Opened on 08/30/2017 at 05:57:40 PM
Closed on 09/12/2019 at 12:11:25 PM
#5601 closed defect (fixed)
CMS takes too long to generate web.adblockplus.org
Reported by: | juliandoucette | Assignee: | kvas |
---|---|---|---|
Priority: | P3 | Milestone: | |
Module: | Sitescripts | Keywords: | |
Cc: | wspee, kvas, jsonesen | Blocked By: | |
Blocking: | Platform: | Unknown / Cross platform | |
Ready: | yes | Confidential: | no |
Tester: | Unknown | Verified working: | no |
Review URL(s): |
Description
Environment
Macbook Pro
How to reproduce
- clone web.adblockplus.org
- run cms.bin.generate_static_pages
Observed behaviour
This script takes a long time to run.
Expected behaviour
This script should not take a long time to run.
Attachments (2)
Change History (12)
comment:1 Changed on 08/30/2017 at 05:58:11 PM by juliandoucette
comment:2 Changed on 08/31/2017 at 08:57:25 AM by kvas
I agree that it takes too long.
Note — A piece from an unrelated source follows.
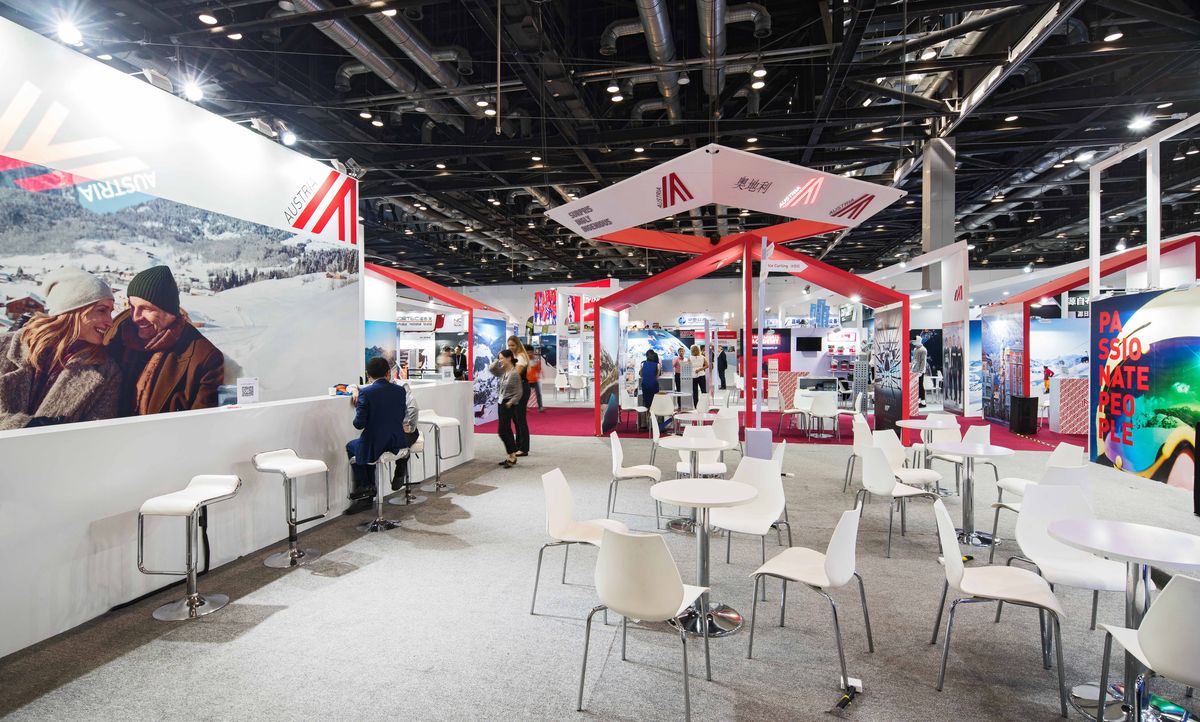 在2018国际冬季运动(北京)博览会上,由奥地利商会主办的展位为26家奥地利冬季运动参展商提供了展示平台。斐思达品牌设计公司的设计概念利用了奥地利国旗的颜色来营造出一个时尚和吸引眼球的展台。在整体设计中,结构大胆的形状被结合在一起,提供了分离的错觉,从而为不同的参展商提供了独立的空间。设计目的是通过动感的设计最大限度地利用空间和功能。

I wonder if it's the CMS or the global functions of web.adblockplus.org (that download stuff from the internet) that make it slow. Have you looked into it?
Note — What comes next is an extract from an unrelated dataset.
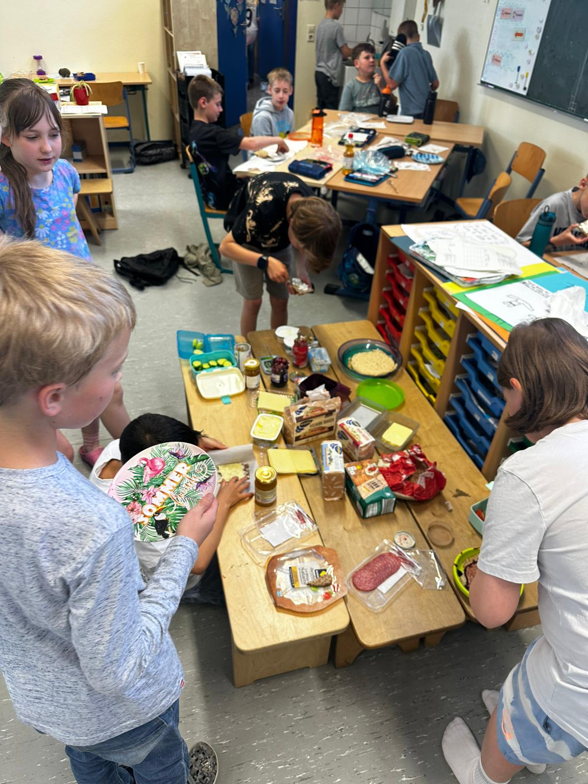 Den Brückentag letzte Woche haben wir für einen schönen Projekttag genutzt. Alles drehte sich um Europa! In allen Klassen wurde auf verschiedene Art und Weise zu diesem Thema gearbeitet. Dabei stand aber nicht nur das Lernen über Europa im Vordergrund, sondern vor allem das Erleben! So wurden z.B. im vierten Schuljahr verschiedene europäische Lebensmittel wie Crepes, Knäckebrot oder Sandwiches gekostet und auch europäische Sportarten, wie der Gummistiefelweitwurf aus Finnland, ausprobiert. Das waren tolle Erlebnisse, die viel Freude gemacht haben!

comment:3 Changed on 08/31/2017 at 09:35:52 AM by juliandoucette
Have you looked into it?
No.
comment:4 Changed on 08/31/2017 at 09:51:36 AM by jsonesen
I haven't looked into this either but I have noticed it is rather slow. I reckon it is the network requests holding up the execution since as far as operations go they tend to be the slowest, then if you have lots of them running sequentially it adds up. There is also the mercurial calls.
Changed on 08/31/2017 at 02:38:47 PM by kvas
Profile: generate_static_pages()
Changed on 08/31/2017 at 02:50:35 PM by kvas
Profile: converters.py: call
comment:5 Changed on 08/31/2017 at 03:05:30 PM by kvas
I've spent some hours profiling the CMS today. First of all, networks requests are not the main reason for slow rendering in case of www.adblockplus.org. Mocking them out brings the time down to 1m50s (from 1m54s), which is fairly small. So what can we do?
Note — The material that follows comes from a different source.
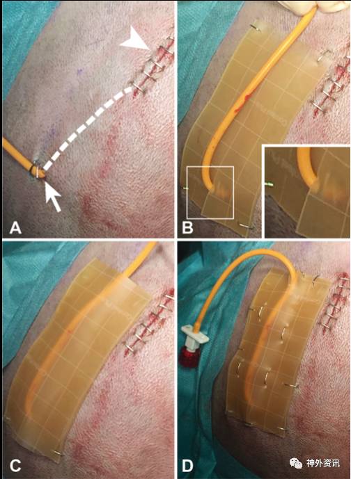 图1. A、B、C和D. 脑室外引流管简易固定法。

First easy option is running the rendering job with PyPy (I used version 5.8.0) instead of regular Python. It finishes in 1m20s, which is about 30% faster. This is still fairly slow, so I've run the rendering under a profiler and started looking at what took most of the time. Here's the visualisation of the top level:
Here we can see that the time is split between utils.py:process_pageand utils.py:get_page_params. process_page also calls get_page_params inside of it and each of them calls converters.py:Converter:__call__, which is where most of the time is spent. What's going on here?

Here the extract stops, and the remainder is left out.